Quercus magnosquamata

Scientific classification
- Kingdom: Plantae
- Clade: Embryophytes
- Clade: Tracheophytes
- Clade: Spermatophytes
- Clade: Angiosperms
- Clade: Eudicots
- Clade: Rosids
- Order: Fagales
- Family: Fagaceae
- Genus: Quercus
- Subgenus: Quercus subg. Cerris
- Section: Quercus sect. Cerris
- Species: Q. magnosquamata
- Binomial name: Quercus magnosquamata Djav.-Khoie
- Synonyms: Quercus scalaridentata Djav.-Khoie

= Quercus magnosquamata =

- Genus: Quercus
- Species: magnosquamata
- Authority: Djav.-Khoie
- Synonyms: Quercus scalaridentata Djav.-Khoie

Species of flowering plant

Quercus magnosquamata is a species of oak. It is a tree endemic to northwestern Iran, where it grows in forest in the northern Zagros Mountains.
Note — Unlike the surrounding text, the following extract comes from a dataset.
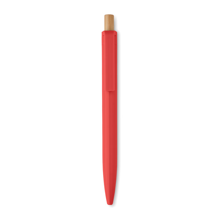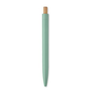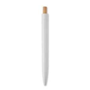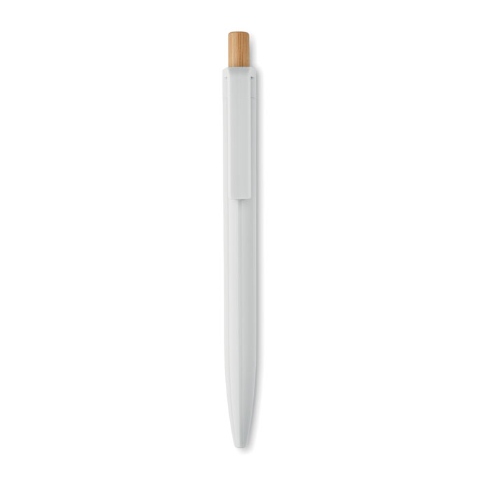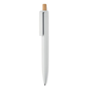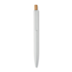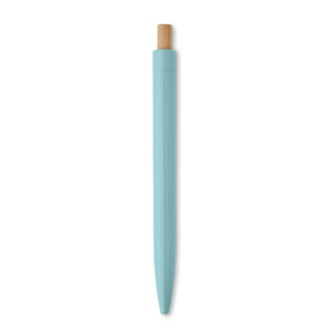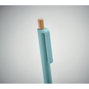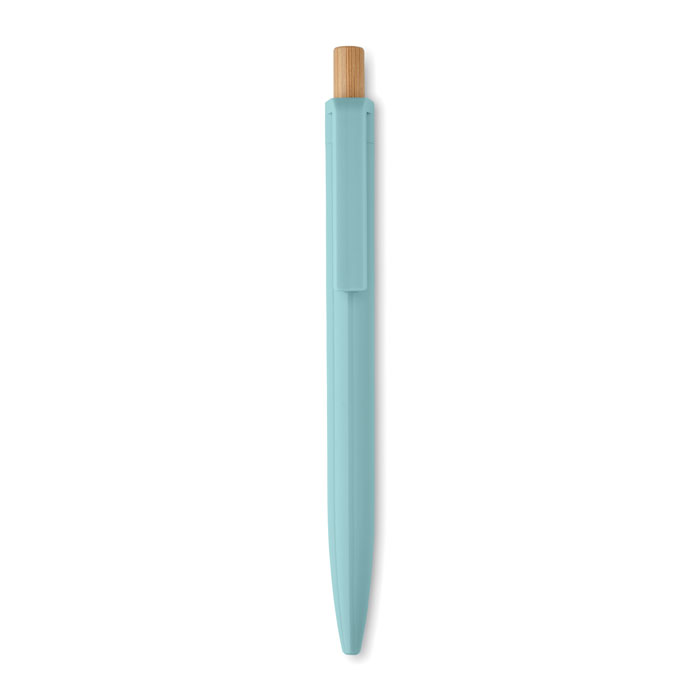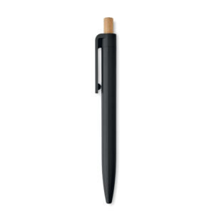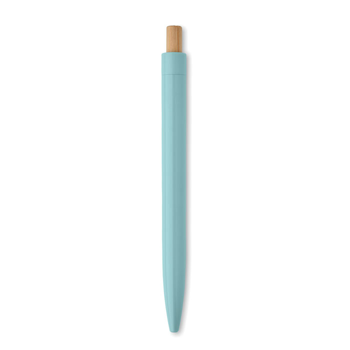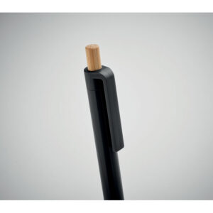 Ball pen in recycled ABS with bamboo push button. Blue ink.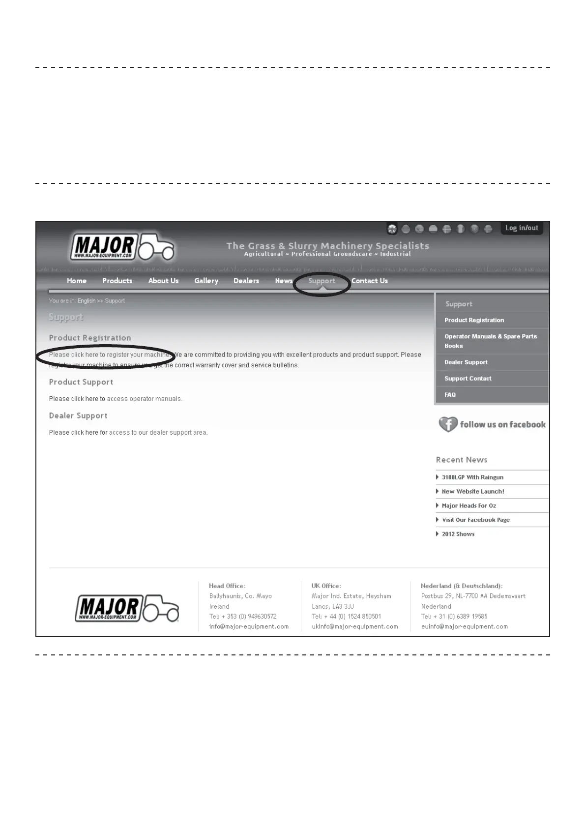 To register your machine for warranty, please go to the support section of our website www.major-equipment.com and enter your

The type species was collected in the Chenareh forest of Kurdistan Province at 1580 metres elevation.

The species was described by Karim Djavanchir-Khoie in 1967, but not validly published by the standards of the International Code of Nomenclature for algae, fungi, and plants. The species was validated by Parisa Panahi and Ziba Jamzad in 2018.